▶ _SUPPLIED MATERIAL_:
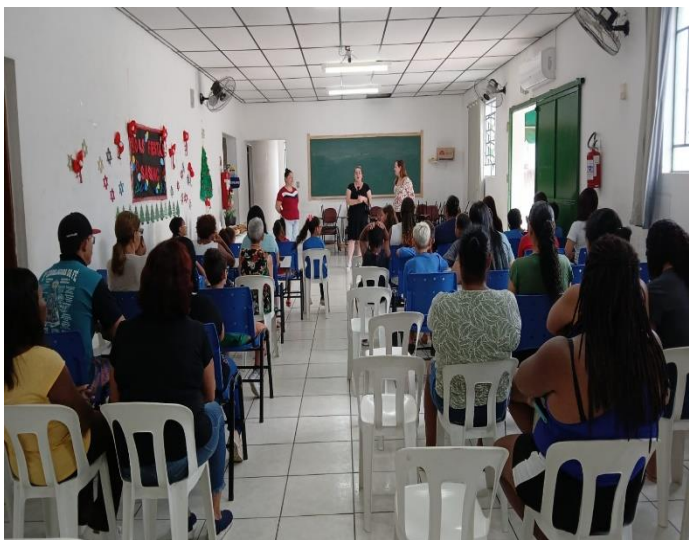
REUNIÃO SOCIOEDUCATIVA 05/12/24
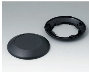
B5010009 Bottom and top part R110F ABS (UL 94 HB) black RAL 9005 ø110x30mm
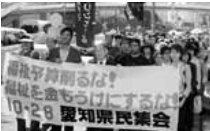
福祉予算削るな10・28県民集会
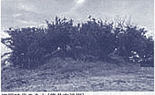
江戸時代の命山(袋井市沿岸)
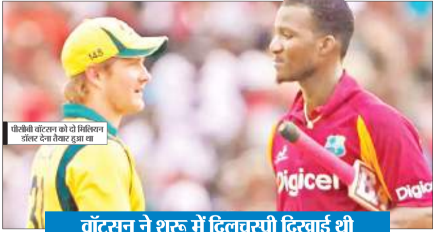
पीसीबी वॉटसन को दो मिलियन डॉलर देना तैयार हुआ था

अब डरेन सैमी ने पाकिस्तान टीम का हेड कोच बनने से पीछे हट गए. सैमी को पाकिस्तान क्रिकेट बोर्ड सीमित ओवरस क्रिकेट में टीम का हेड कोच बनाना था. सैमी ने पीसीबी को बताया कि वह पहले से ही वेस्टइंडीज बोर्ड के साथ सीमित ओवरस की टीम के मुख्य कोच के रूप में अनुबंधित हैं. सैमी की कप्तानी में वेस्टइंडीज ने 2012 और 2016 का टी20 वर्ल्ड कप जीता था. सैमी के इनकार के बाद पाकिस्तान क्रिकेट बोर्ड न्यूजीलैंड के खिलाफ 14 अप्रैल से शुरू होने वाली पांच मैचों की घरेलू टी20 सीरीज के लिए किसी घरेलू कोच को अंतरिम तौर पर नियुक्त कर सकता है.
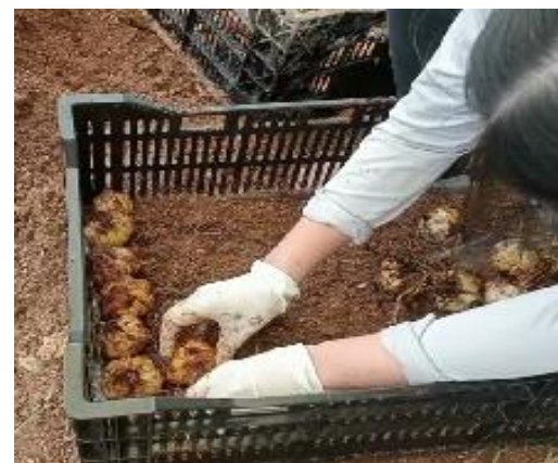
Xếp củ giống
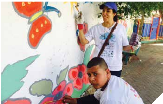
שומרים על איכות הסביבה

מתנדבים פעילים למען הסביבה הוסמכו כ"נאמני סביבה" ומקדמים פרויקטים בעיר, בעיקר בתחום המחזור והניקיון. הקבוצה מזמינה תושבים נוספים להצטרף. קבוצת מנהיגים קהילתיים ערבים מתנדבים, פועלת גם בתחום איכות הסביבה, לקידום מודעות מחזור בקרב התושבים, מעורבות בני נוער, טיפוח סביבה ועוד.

▶ _WHAT TO DO_:
Each line in the data that holds the string "איכות" should be found and copied.

▶ _ANSWER TO THIS PROBLEM_:
שומרים על איכות הסביבה
מתנדבים פעילים למען הסביבה הוסמכו כ"נאמני סביבה" ומקדמים פרויקטים בעיר, בעיקר בתחום המחזור והניקיון. הקבוצה מזמינה תושבים נוספים להצטרף. קבוצת מנהיגים קהילתיים ערבים מתנדבים, פועלת גם בתחום איכות הסביבה, לקידום מודעות מחזור בקרב התושבים, מעורבות בני נוער, טיפוח סביבה ועוד.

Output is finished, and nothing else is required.